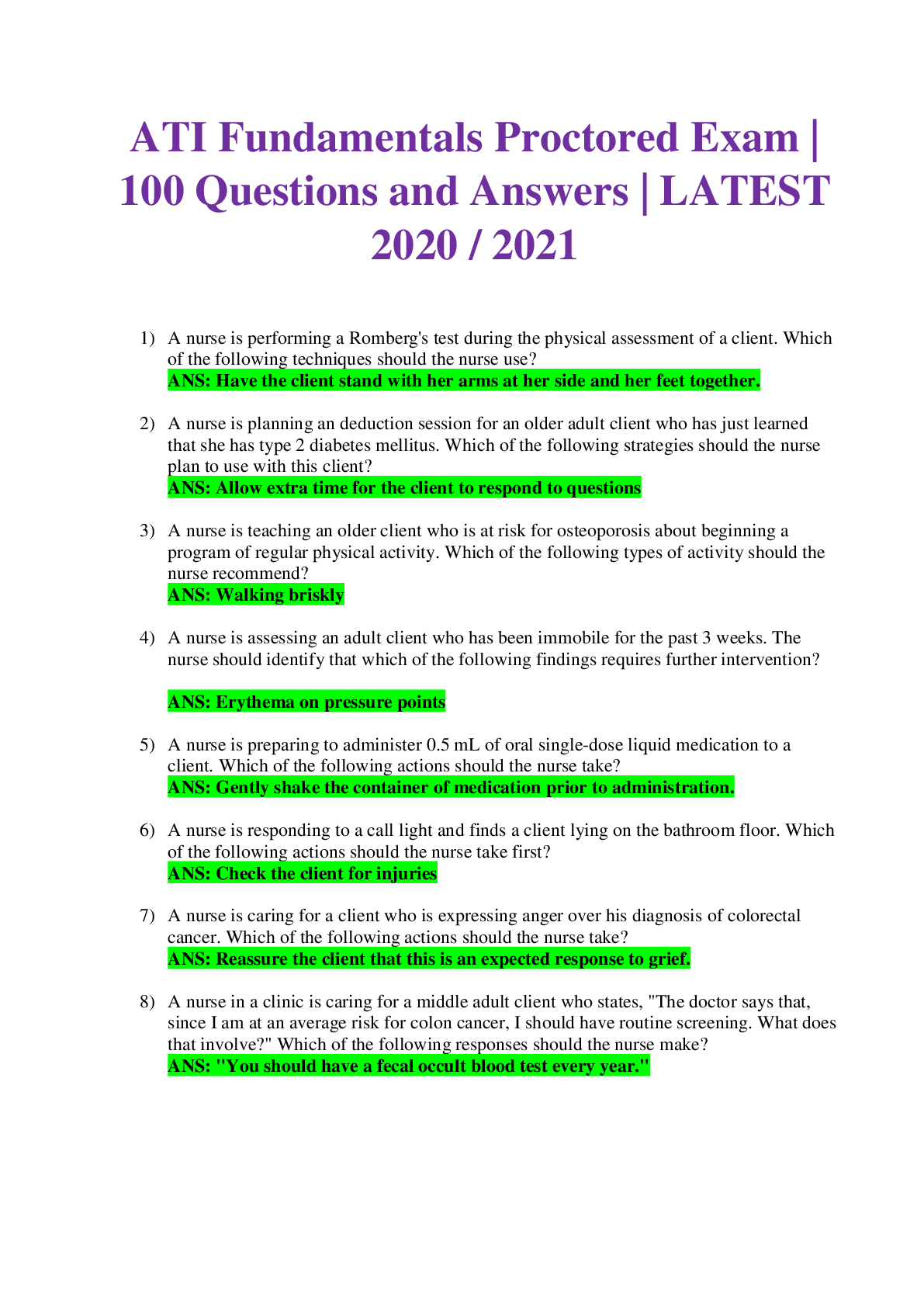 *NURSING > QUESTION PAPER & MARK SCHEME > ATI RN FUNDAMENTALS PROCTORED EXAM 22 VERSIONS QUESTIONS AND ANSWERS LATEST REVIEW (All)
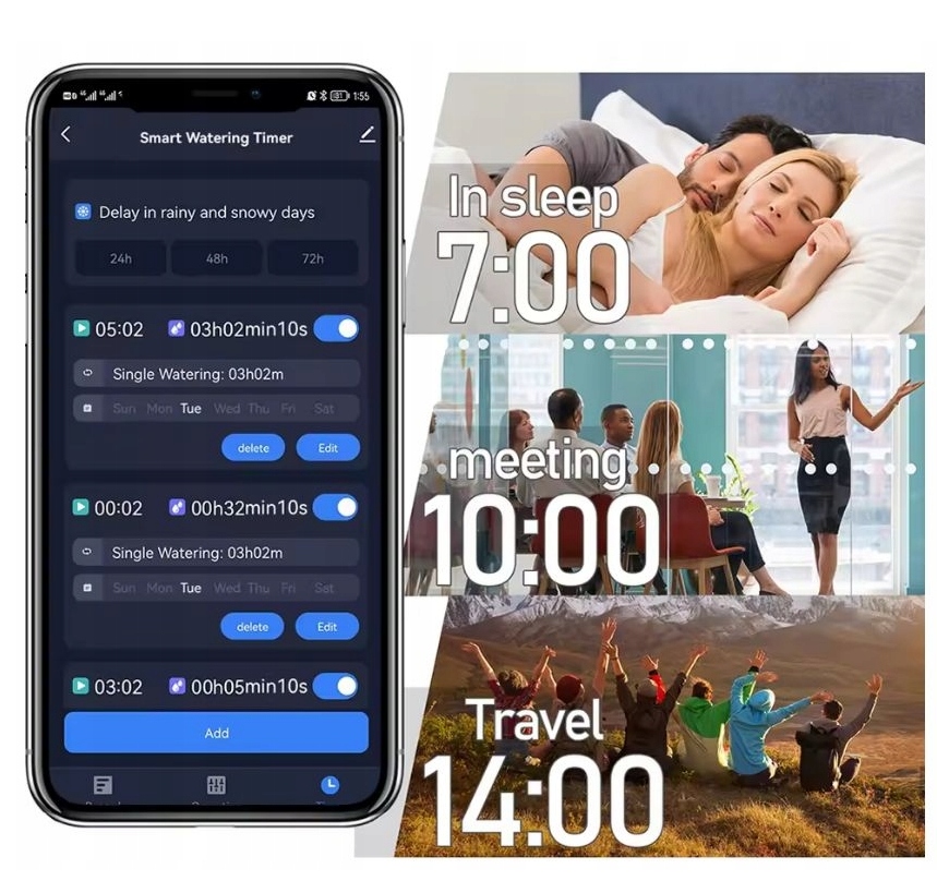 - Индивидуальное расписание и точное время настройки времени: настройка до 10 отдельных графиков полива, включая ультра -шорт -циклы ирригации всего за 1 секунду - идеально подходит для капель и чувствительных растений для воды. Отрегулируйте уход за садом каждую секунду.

-- -- --

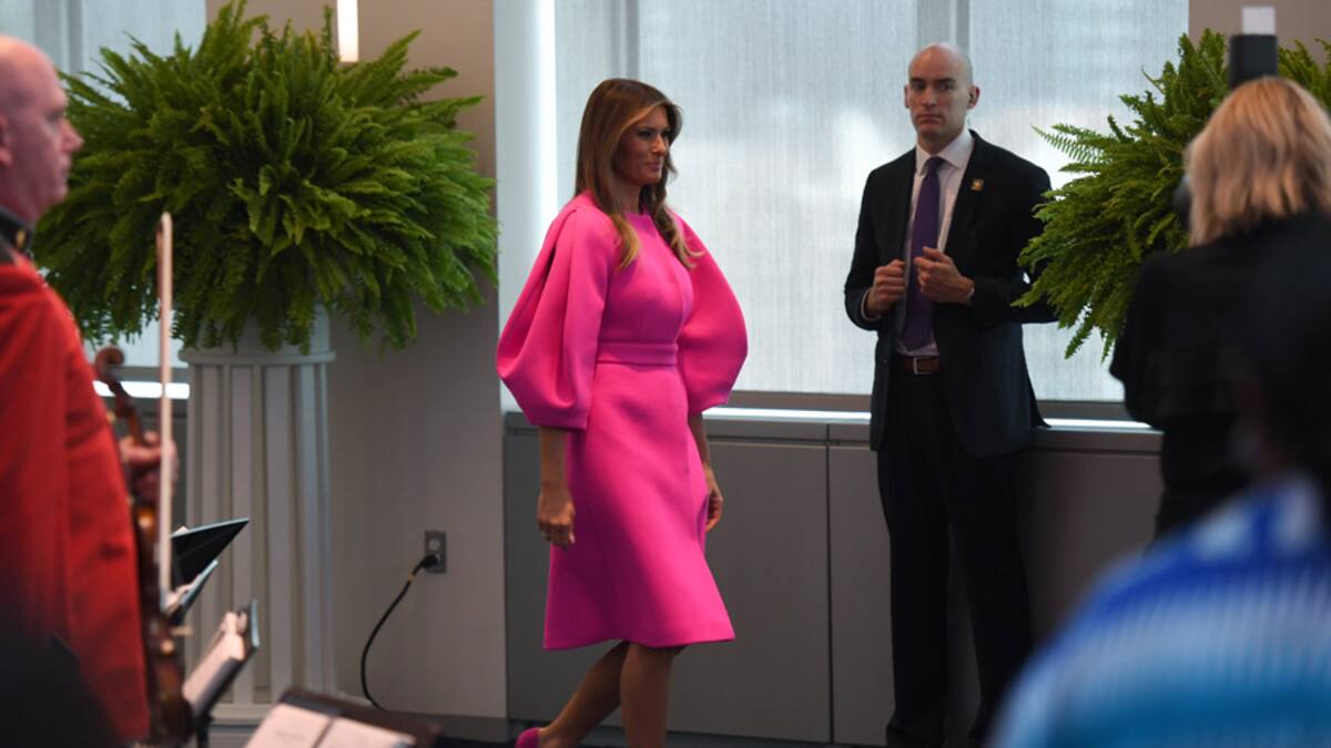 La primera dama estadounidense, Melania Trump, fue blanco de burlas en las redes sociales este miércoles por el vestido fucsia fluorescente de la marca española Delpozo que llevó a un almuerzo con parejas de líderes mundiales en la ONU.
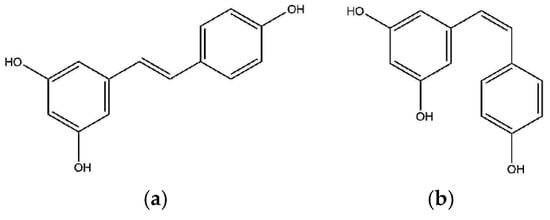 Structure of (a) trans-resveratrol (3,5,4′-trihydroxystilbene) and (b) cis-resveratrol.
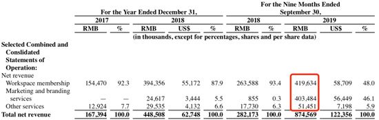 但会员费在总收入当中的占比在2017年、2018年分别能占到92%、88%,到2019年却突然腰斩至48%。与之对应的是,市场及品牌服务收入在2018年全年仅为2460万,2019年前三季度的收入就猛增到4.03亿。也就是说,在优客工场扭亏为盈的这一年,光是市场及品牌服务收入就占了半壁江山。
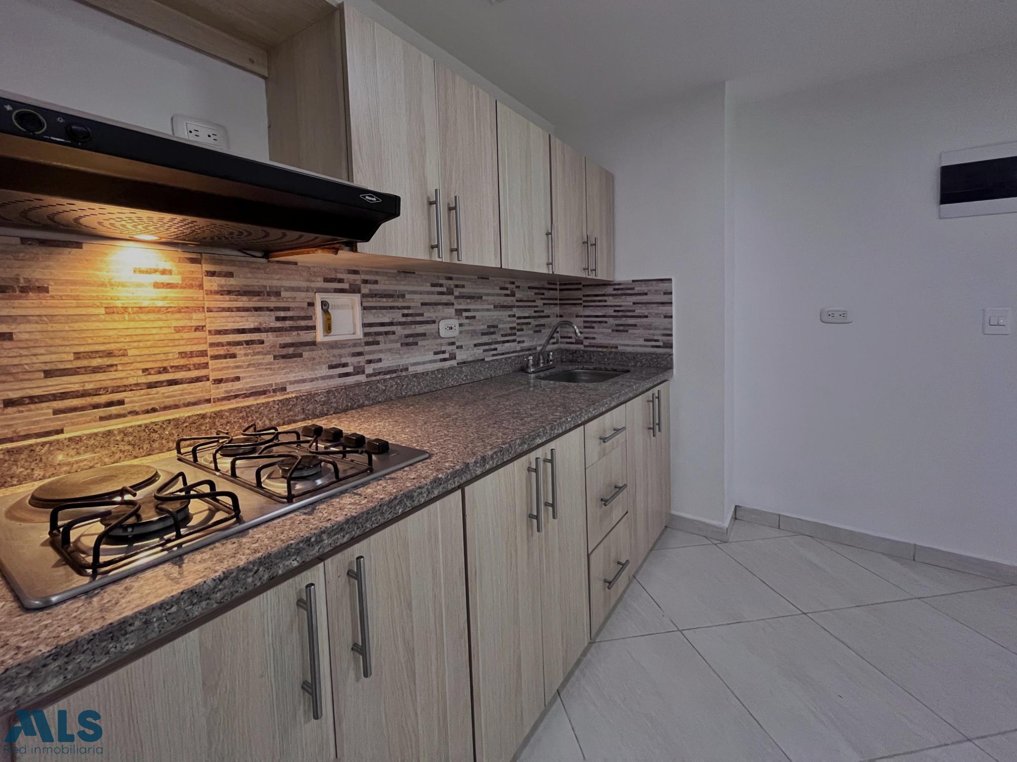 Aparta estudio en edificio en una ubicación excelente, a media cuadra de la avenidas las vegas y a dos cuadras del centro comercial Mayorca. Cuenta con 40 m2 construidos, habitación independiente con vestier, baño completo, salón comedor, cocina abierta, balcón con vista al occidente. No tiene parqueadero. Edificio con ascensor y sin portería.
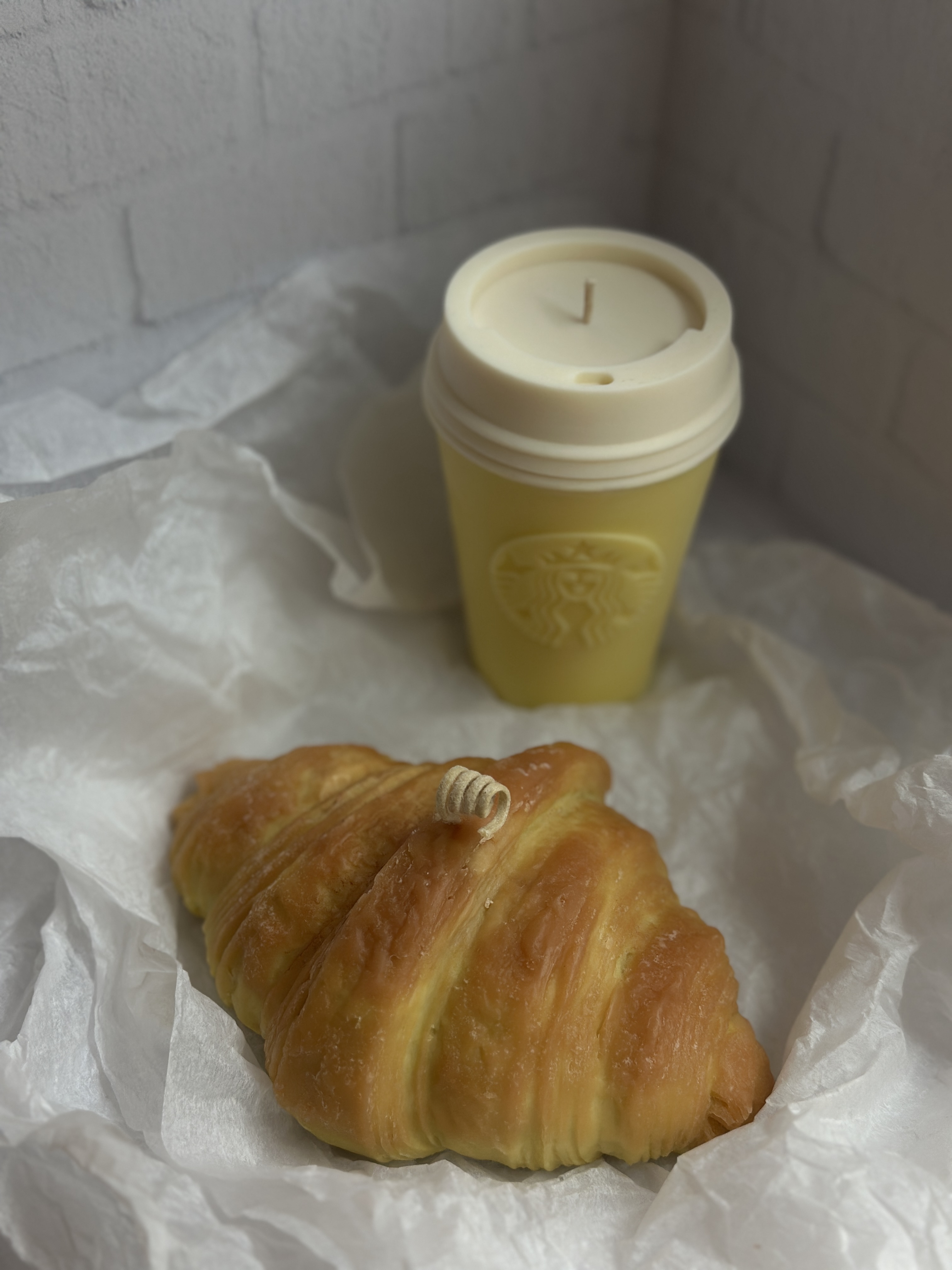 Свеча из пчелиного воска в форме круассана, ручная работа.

-- -- --

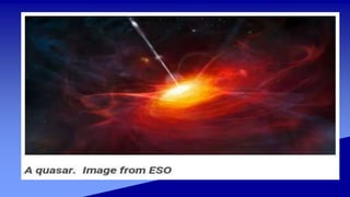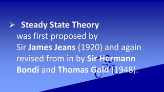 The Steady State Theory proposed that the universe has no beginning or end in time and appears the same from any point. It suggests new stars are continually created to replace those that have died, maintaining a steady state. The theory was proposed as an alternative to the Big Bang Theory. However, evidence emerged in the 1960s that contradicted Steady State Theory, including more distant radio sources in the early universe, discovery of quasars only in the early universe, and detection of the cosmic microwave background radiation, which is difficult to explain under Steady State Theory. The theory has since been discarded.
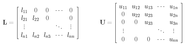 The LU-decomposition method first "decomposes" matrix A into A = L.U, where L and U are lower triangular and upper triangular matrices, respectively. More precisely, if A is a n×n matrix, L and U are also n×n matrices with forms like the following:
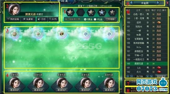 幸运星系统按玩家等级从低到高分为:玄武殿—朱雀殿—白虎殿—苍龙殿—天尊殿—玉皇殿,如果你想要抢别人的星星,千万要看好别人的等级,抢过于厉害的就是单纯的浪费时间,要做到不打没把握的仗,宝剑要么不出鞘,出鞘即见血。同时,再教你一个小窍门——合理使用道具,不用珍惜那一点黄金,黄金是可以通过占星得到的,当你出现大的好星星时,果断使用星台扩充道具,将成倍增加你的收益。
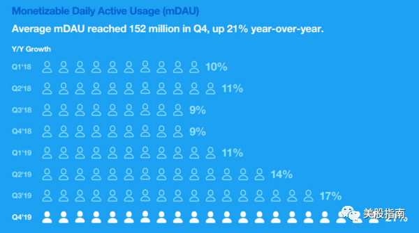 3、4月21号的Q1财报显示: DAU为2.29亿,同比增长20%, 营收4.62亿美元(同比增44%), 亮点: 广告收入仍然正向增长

-- -- --

How to complete this task:
What's needed is an exact copy of the lines above from the one with "但会员费在总收入当中的占比在" through the one with "Aparta estudio en", both included; the pictures stay out.

Response:
 但会员费在总收入当中的占比在2017年、2018年分别能占到92%、88%,到2019年却突然腰斩至48%。与之对应的是,市场及品牌服务收入在2018年全年仅为2460万,2019年前三季度的收入就猛增到4.03亿。也就是说,在优客工场扭亏为盈的这一年,光是市场及品牌服务收入就占了半壁江山。
 Aparta estudio en edificio en una ubicación excelente, a media cuadra de la avenidas las vegas y a dos cuadras del centro comercial Mayorca. Cuenta con 40 m2 construidos, habitación independiente con vestier, baño completo, salón comedor, cocina abierta, balcón con vista al occidente. No tiene parqueadero. Edificio con ascensor y sin portería.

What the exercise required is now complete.